ACS is following in the footsteps of other technology services companies—such as EDS, Perot Systems, and PricewaterhouseCoopers’ consulting arm—all of which were acquired by large hardware companies (Hewlett-Packard, Dell, and IBM respectively).
“It was no secret that ACS was shopping itself around in the market the last couple years,” says Robert Brown, a research vice president at Gartner. “ACS had developed their BPO portfolio as their single emphasis, with 79 percent of revenue coming from this area, as opposed to its original focus on IT outsourcing. Xerox, on the other hand, has a strong heritage in document management services, and a large installed base of customers. Where the acquisition makes sense is that ACS knows BPO very well and is very client oriented—bending over backwards to assist their needs. Xerox brings to the table automation and standardization, assisting the evolution of BPO further away from the workflows being processed by humans. The trick always is to figure out a way to get a process e-enabled, where the process flow is less reliant on people. And that’s something Xerox should assist ACS with quite well.”

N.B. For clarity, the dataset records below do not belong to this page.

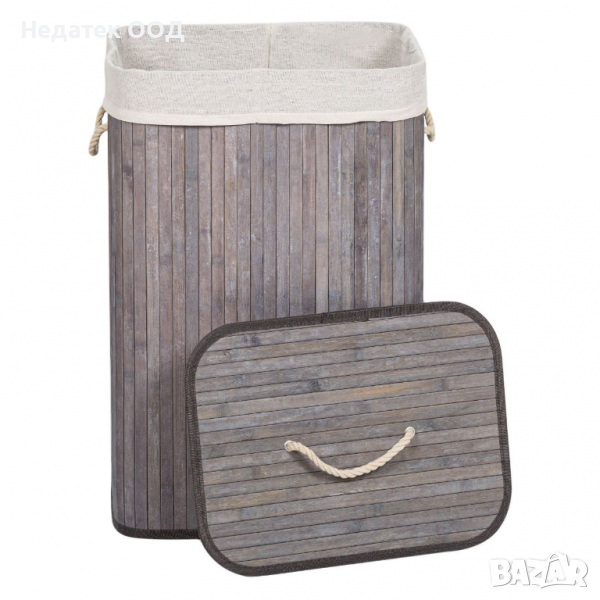 Кош за пране Бамбук, с капак, 40х30х60 см см, 72 литра, сив/син → Обява 36556453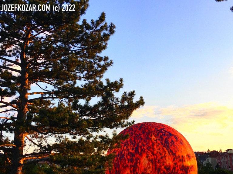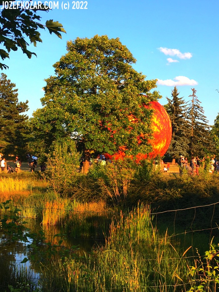 Large model of the heliosphere of our Sun hiding behind the tree.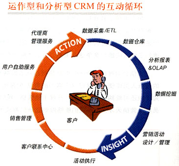 運作型CRM和分析型CRM不是孤立的模塊,他們之間是互動的,首尾相接關(guān)系。分析型CRM從客戶背景資料和消費數(shù)據(jù)經(jīng)過數(shù)據(jù)采集、數(shù)據(jù)倉庫、數(shù)據(jù)挖掘和分析而得出分析的結(jié)論。這些結(jié)論又被制定成為市場活動被運營型CRM通過客戶聯(lián)系中心、銷售管理、大客戶管理等模塊進行執(zhí)行。執(zhí)行的結(jié)果和反饋又重新被分析系統(tǒng)進行分析和評價形成一個循環(huán)過程。 亞信科技(中國)有限公司 地 址:北京海淀區(qū)中關(guān)村南大街6號中電信息大廈三、四層 |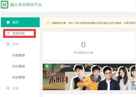 1、我们先打开软件,注册并登录好趣头条极速版账号,进入趣头条极速版主页后,再点击左侧菜单栏里的【发布内容】选项。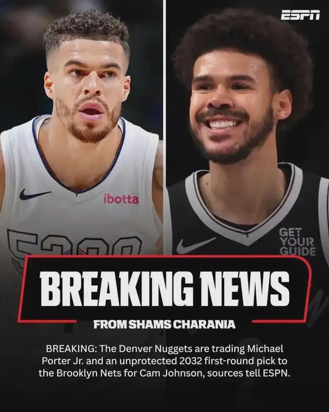 今夏休賽期,掘金放棄了合作七個賽季之久(23年奪冠)的小波特,將他和一個32年無保護首輪簽交易至籃網(wǎng),只為換來卡梅倫-約翰遜。掘金目前以18勝6負高居西部第二,約翰遜在此期間場均11.3分3.4板2.2助進賬。

Brown’s only concern is cultural. “”Xerox has a strong sales culture and the worry is that they might snuff out the client-centric focus that ACS does so well,” he explains. “My advice to Xerox is to let the tail wag the dog—let ACS continue to do what it does best in the management of its BPO clients. As for ACS clients like Office Depot, they should expect greater gains in automation and efficiency and less manual intervention going forward.”